* _TASK REQUIREMENTS_
With the pictures left out, print exactly the lines below that run from the one containing "Estimated potential soil" through the one containing "Retro Kırmızı Karavan".

* _STORED DATA_
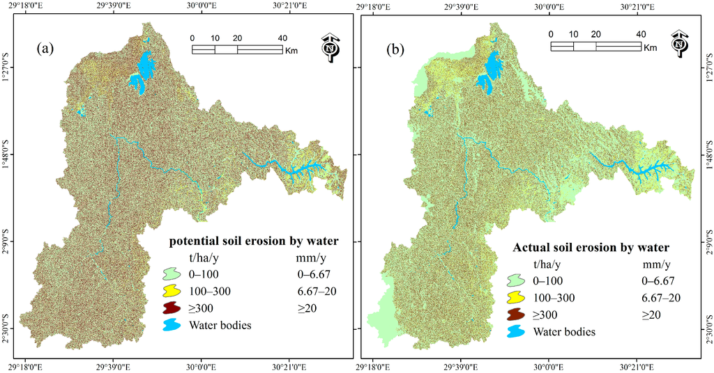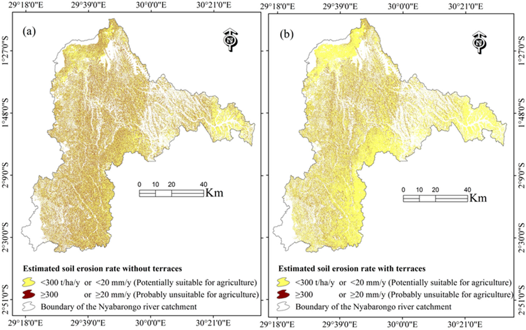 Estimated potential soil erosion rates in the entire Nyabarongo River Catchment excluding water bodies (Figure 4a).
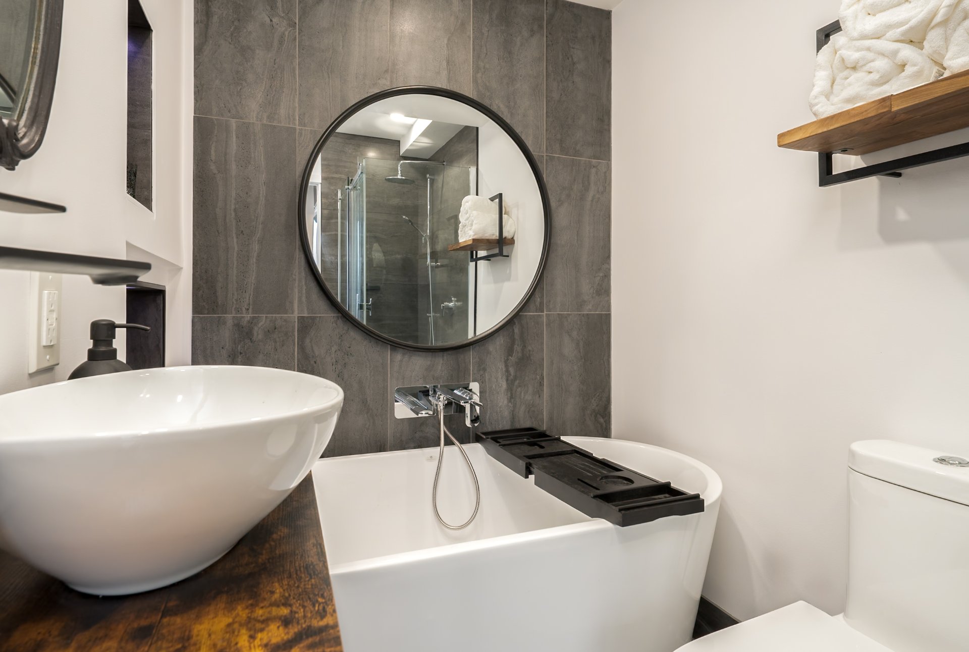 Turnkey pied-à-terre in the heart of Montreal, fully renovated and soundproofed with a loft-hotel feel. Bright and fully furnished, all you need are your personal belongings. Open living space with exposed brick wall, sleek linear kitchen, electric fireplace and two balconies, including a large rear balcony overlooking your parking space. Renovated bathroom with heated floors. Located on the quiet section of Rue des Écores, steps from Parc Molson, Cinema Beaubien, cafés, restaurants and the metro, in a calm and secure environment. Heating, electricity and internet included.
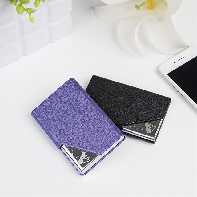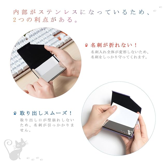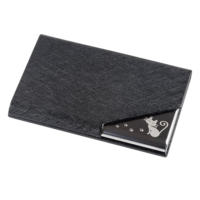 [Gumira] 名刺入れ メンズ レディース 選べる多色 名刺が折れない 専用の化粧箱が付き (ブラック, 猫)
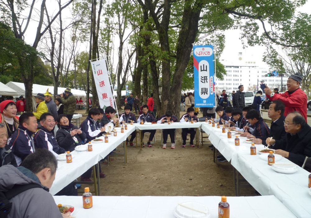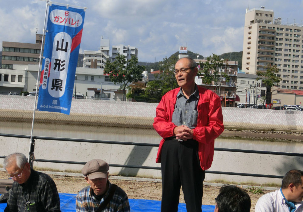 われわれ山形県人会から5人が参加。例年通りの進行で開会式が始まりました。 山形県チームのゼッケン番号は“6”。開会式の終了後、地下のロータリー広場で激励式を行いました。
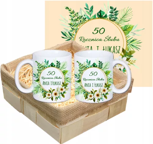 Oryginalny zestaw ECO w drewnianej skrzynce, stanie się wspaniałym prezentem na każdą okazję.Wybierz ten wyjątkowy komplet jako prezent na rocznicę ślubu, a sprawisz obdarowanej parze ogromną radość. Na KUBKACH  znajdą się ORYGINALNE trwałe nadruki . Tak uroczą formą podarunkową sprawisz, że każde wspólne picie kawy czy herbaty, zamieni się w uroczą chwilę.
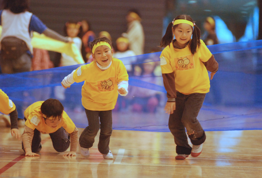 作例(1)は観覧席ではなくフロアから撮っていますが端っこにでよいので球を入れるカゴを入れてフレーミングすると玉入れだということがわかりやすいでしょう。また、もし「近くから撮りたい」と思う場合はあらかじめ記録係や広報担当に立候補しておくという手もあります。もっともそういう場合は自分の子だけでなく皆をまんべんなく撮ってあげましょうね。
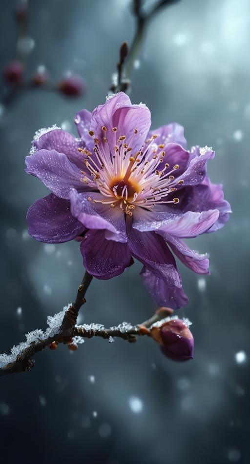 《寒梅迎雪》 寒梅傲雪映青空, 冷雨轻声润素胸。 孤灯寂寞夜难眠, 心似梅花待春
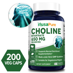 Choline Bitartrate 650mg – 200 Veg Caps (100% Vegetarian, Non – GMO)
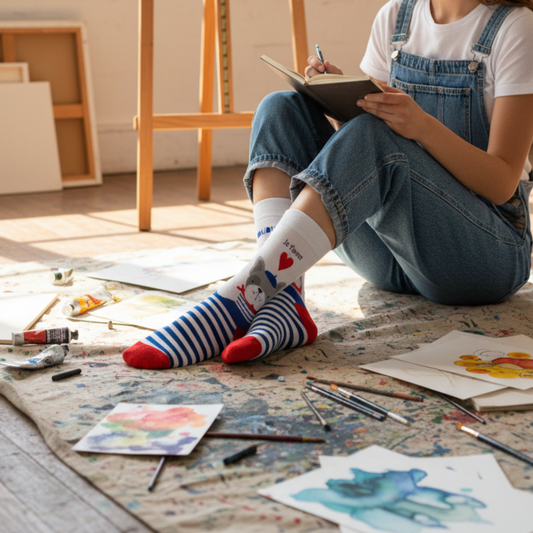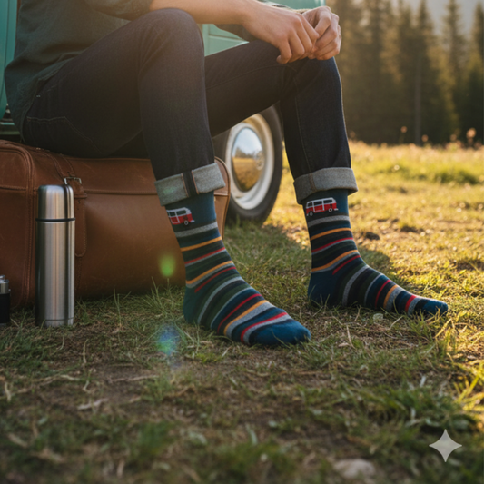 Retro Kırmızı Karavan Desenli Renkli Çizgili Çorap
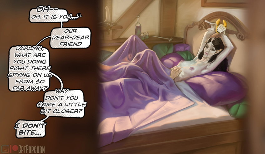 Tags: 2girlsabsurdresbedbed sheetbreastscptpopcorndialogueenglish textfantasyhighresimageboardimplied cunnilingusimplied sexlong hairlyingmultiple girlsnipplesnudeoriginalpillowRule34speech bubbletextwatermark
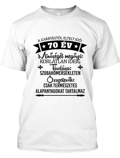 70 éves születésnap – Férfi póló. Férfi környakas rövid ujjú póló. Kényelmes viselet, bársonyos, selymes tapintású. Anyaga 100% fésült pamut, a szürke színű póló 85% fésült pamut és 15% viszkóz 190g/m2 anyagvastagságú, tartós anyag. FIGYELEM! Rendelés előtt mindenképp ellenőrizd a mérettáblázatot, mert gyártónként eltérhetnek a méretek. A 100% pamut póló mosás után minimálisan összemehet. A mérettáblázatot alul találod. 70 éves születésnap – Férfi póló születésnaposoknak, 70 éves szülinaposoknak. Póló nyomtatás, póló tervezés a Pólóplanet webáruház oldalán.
--
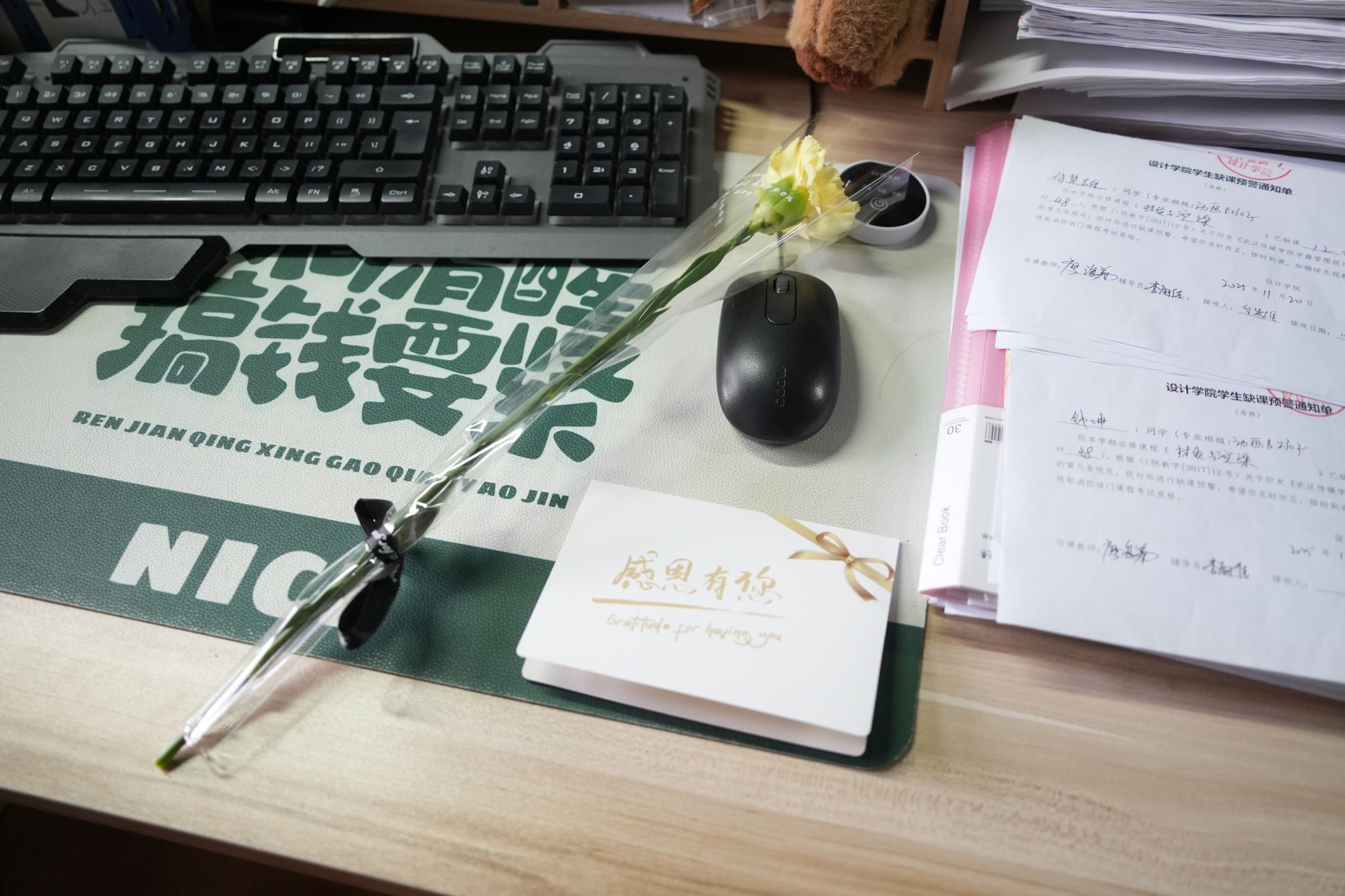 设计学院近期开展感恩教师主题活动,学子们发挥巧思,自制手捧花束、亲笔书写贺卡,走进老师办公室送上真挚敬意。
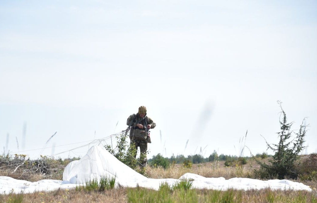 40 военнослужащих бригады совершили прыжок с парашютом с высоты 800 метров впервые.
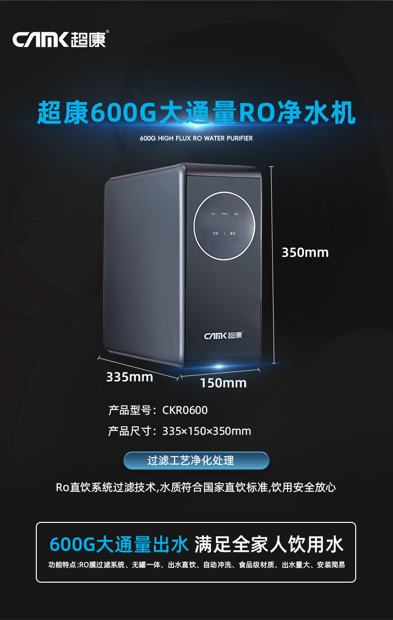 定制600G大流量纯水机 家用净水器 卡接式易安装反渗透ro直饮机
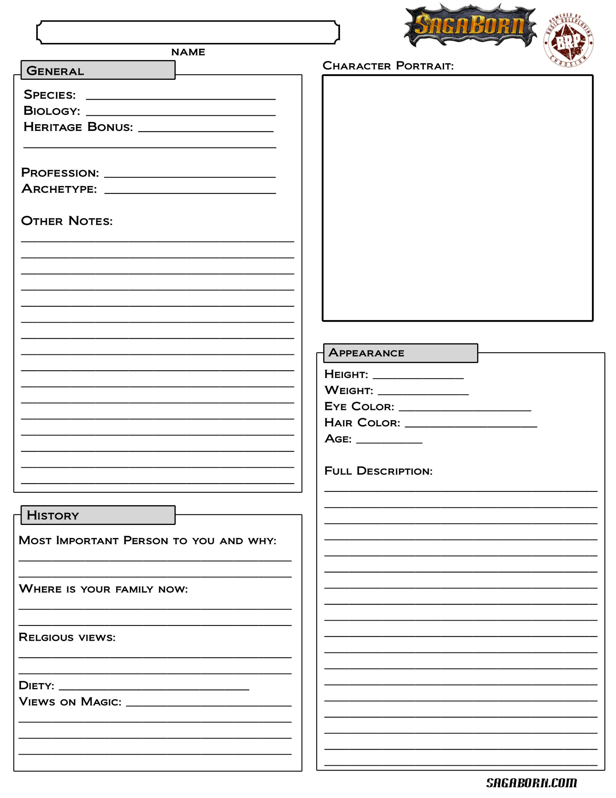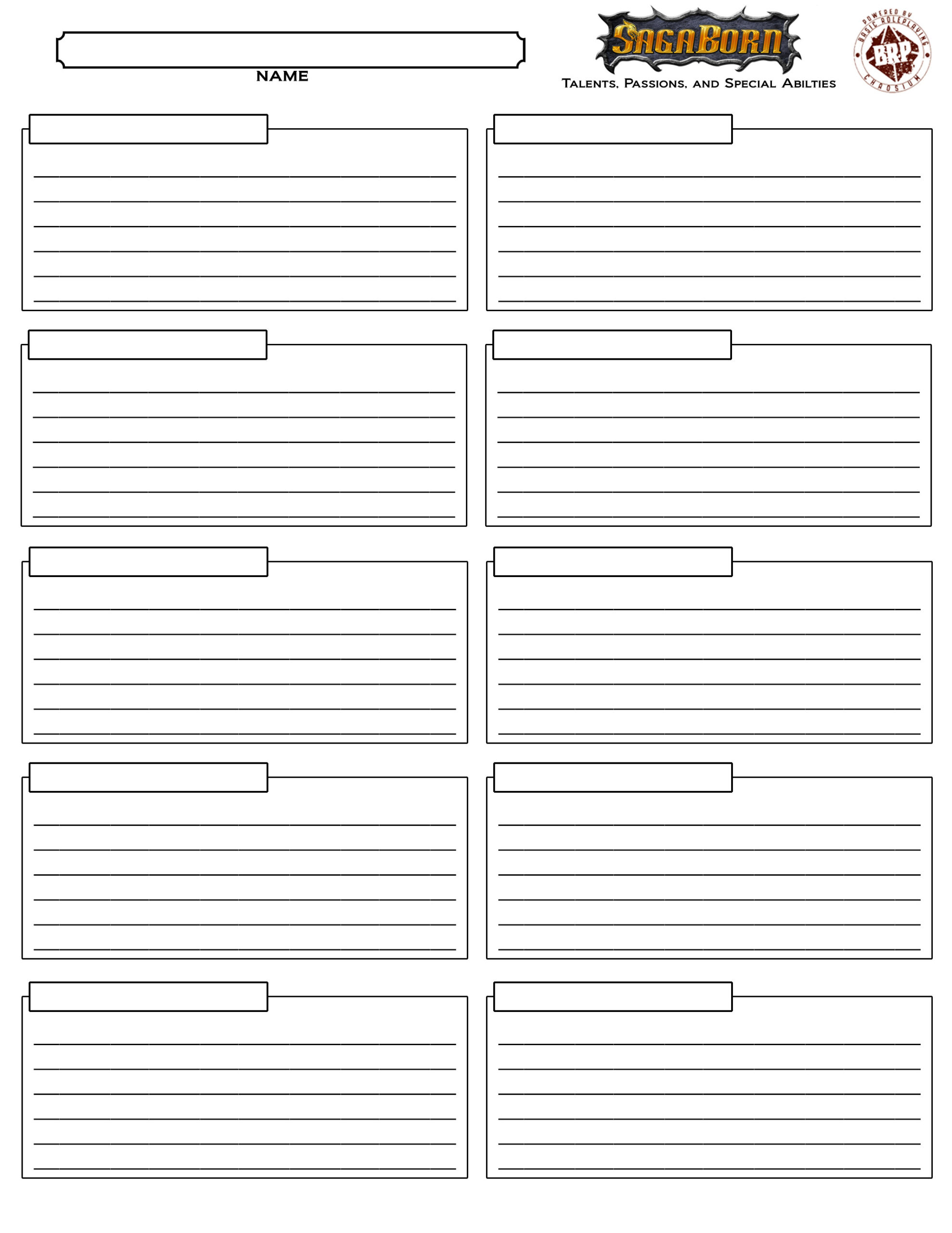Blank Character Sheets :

* _SOLUTION TO THE EXERCISE_
 Estimated potential soil erosion rates in the entire Nyabarongo River Catchment excluding water bodies (Figure 4a).
 Turnkey pied-à-terre in the heart of Montreal, fully renovated and soundproofed with a loft-hotel feel. Bright and fully furnished, all you need are your personal belongings. Open living space with exposed brick wall, sleek linear kitchen, electric fireplace and two balconies, including a large rear balcony overlooking your parking space. Renovated bathroom with heated floors. Located on the quiet section of Rue des Écores, steps from Parc Molson, Cinema Beaubien, cafés, restaurants and the metro, in a calm and secure environment. Heating, electricity and internet included.
 [Gumira] 名刺入れ メンズ レディース 選べる多色 名刺が折れない 専用の化粧箱が付き (ブラック, 猫)
 われわれ山形県人会から5人が参加。例年通りの進行で開会式が始まりました。 山形県チームのゼッケン番号は“6”。開会式の終了後、地下のロータリー広場で激励式を行いました。
 Oryginalny zestaw ECO w drewnianej skrzynce, stanie się wspaniałym prezentem na każdą okazję.Wybierz ten wyjątkowy komplet jako prezent na rocznicę ślubu, a sprawisz obdarowanej parze ogromną radość. Na KUBKACH  znajdą się ORYGINALNE trwałe nadruki . Tak uroczą formą podarunkową sprawisz, że każde wspólne picie kawy czy herbaty, zamieni się w uroczą chwilę.
 作例(1)は観覧席ではなくフロアから撮っていますが端っこにでよいので球を入れるカゴを入れてフレーミングすると玉入れだということがわかりやすいでしょう。また、もし「近くから撮りたい」と思う場合はあらかじめ記録係や広報担当に立候補しておくという手もあります。もっともそういう場合は自分の子だけでなく皆をまんべんなく撮ってあげましょうね。
 《寒梅迎雪》 寒梅傲雪映青空, 冷雨轻声润素胸。 孤灯寂寞夜难眠, 心似梅花待春
 Choline Bitartrate 650mg – 200 Veg Caps (100% Vegetarian, Non – GMO)
 Retro Kırmızı Karavan Desenli Renkli Çizgili Çorap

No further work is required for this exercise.